Couldn't the wall be framed with 6x6 studs?  It is not the typical method but certainly exceeds the minimum stud size requirement.  In this particular condition it sounds as if the 6x6 is in place to provide vertical load transfer like blocking would and that this is a matter of semantics.  Replace the post with 3 gang nailed studs.  A column typically handles both vertical and lateral forces, has positive connections to a footing and beam or structural system above.  The fact that the beam is pocketed into the wall to sit specifically on the post rather than resting on a "boundary element" of the wall (the top plate) seems to be the issue.  I wouldn't consider the post a column but it could be a primary structural member and certainly would be a secondary structural member which has the exception for conventional light frame construction.

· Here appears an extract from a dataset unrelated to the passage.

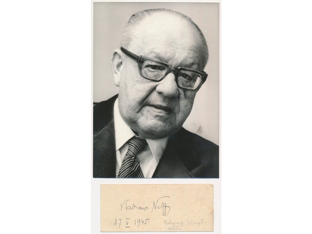 Neff Vladimír (1909-1983), český spisovatel, překladatel, scénárista, portrétová oficiální fotografie ČTK o rozměrech cca 13x18cm a sběratelská kartička s vlastnoručním podpisem (datováno 1945)...viz autentické foto

Also the boundary elements are all of the components of a rated wall at its' perimeter or at the perimeter of an opening in that rated wall.  Top plates, king studs at door or window openings, bottom plates and end studs of a wall would all be the boundary elements.  The code section elaborates presumably because at some point an overzealous inspector extrapolated that the drywall continuity should "be continuous" and completely encase the wall framing even over and below the plates and wrap all openings or something similar.

Hope that helps,

ZIG


----------



## Yikes (Jul 12, 2013)

zigmark said:
			
		

> Replace the post with 3 gang nailed studs.ZIG


I thought of that - -if nothing else, as proof we are dealing with semantics here.


----------



## steveray (Jul 12, 2013)

3 built up studs is a column.....VA is a PITB.....I am not going to say any more than that.....


----------